TASK GOAL: Write out nothing but the lines from the first line of the entries below through the line with "Flynn Skye XS"; no pictures go in.
+++ RECORDS TO PROCESS +++
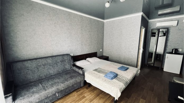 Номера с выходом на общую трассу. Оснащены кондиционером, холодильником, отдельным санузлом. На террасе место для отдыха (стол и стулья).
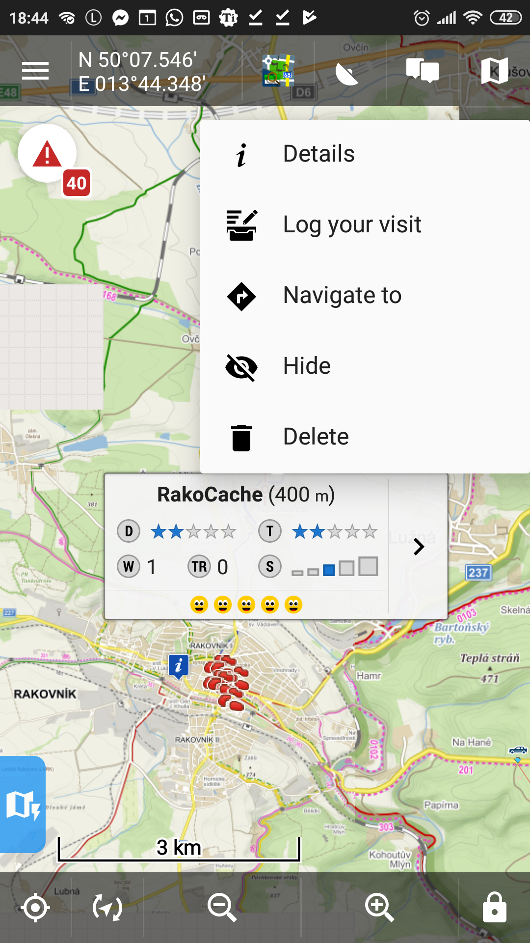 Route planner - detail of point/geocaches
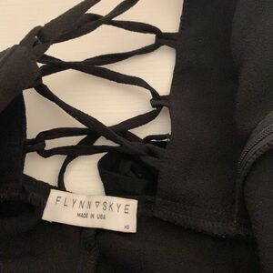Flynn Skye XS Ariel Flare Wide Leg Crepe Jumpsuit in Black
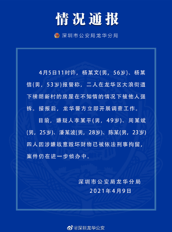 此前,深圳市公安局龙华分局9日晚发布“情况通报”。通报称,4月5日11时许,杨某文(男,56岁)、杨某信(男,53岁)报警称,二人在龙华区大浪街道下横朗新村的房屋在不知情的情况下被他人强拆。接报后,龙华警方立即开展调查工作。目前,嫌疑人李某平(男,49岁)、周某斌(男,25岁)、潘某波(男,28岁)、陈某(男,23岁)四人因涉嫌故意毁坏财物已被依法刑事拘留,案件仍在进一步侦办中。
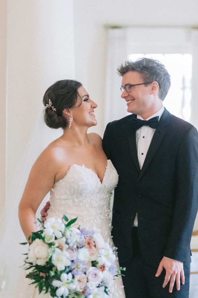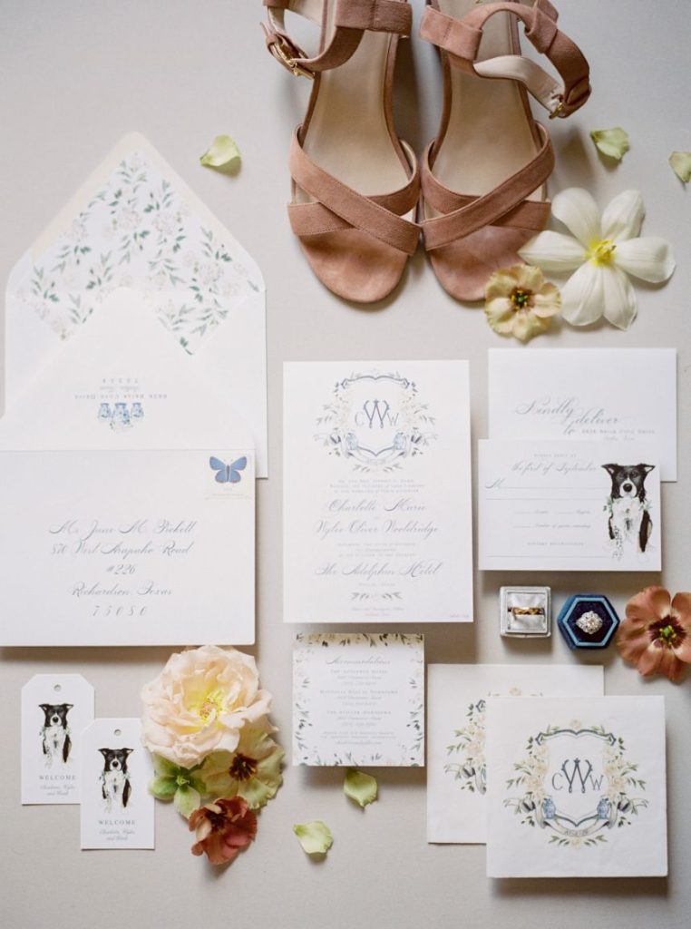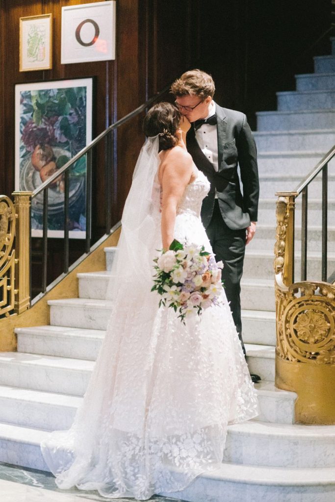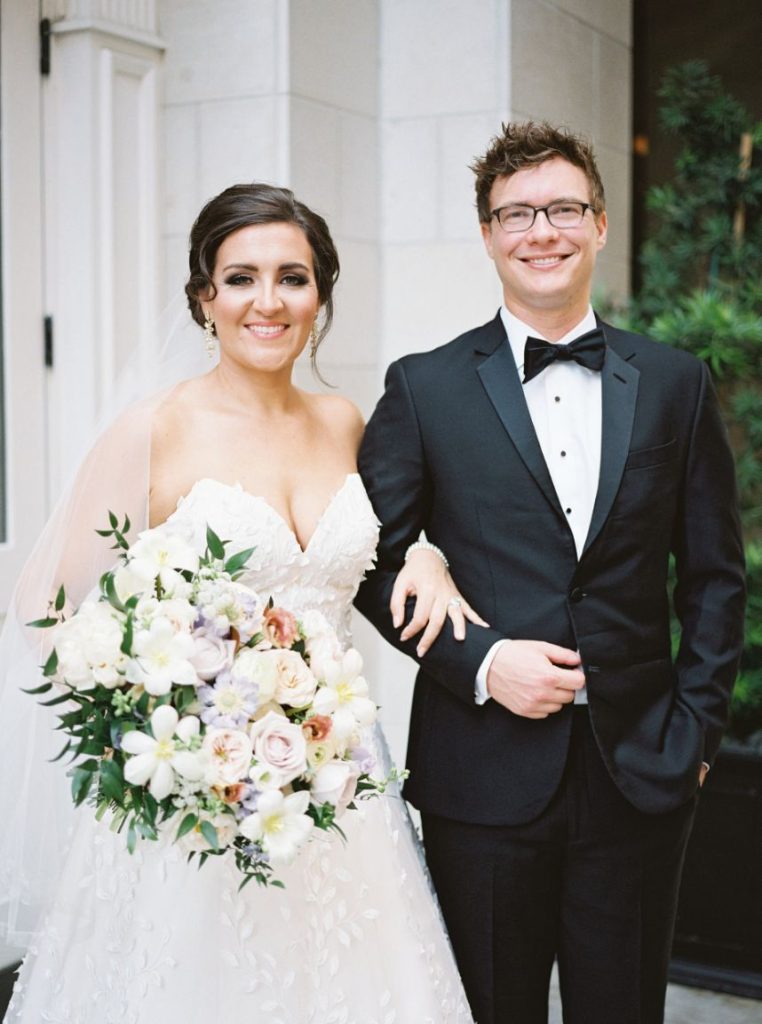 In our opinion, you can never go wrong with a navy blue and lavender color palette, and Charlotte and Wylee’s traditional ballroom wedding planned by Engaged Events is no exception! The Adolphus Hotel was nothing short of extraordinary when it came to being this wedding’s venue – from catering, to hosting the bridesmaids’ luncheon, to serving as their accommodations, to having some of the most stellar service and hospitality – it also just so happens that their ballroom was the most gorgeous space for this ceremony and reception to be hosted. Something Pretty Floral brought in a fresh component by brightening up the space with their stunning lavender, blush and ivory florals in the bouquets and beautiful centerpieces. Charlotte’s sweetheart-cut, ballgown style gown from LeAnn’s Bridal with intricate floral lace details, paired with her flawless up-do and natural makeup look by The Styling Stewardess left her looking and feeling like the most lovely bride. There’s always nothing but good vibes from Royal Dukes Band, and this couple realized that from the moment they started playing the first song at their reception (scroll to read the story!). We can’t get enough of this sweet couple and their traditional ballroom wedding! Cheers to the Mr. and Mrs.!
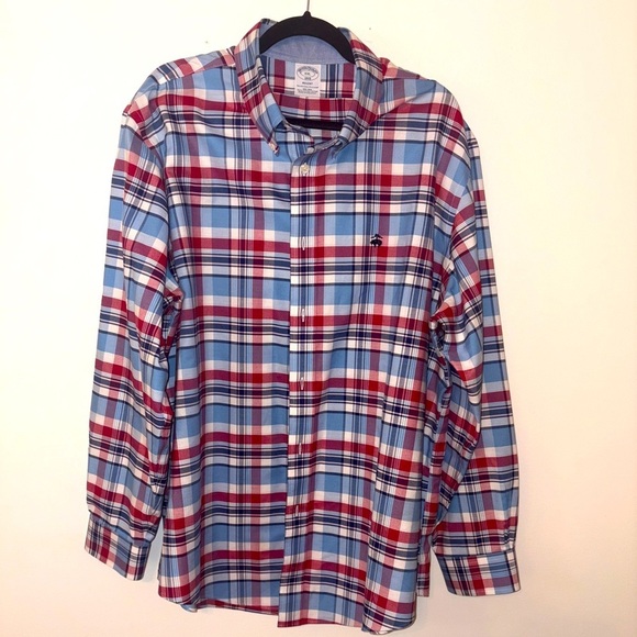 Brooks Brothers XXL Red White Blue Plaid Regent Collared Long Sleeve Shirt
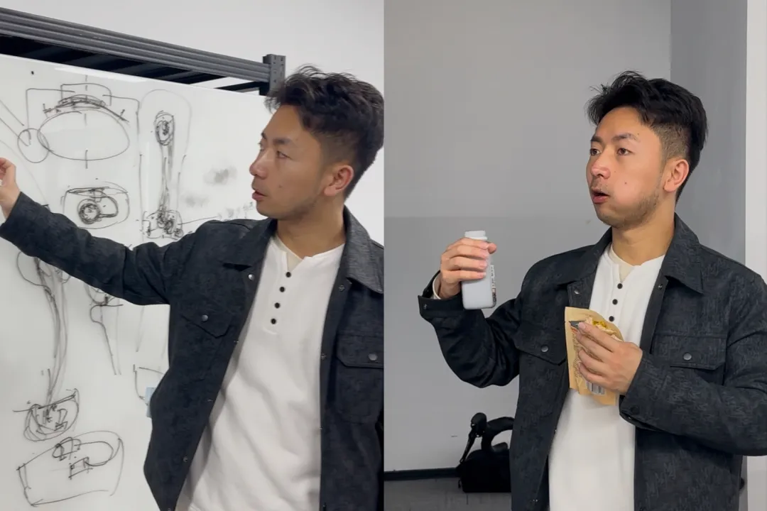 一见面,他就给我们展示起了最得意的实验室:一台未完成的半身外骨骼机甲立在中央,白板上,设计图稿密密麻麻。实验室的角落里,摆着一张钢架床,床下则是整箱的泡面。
+++
OUTPUT:
 Номера с выходом на общую трассу. Оснащены кондиционером, холодильником, отдельным санузлом. На террасе место для отдыха (стол и стулья).
 Route planner - detail of point/geocaches
Flynn Skye XS Ariel Flare Wide Leg Crepe Jumpsuit in Black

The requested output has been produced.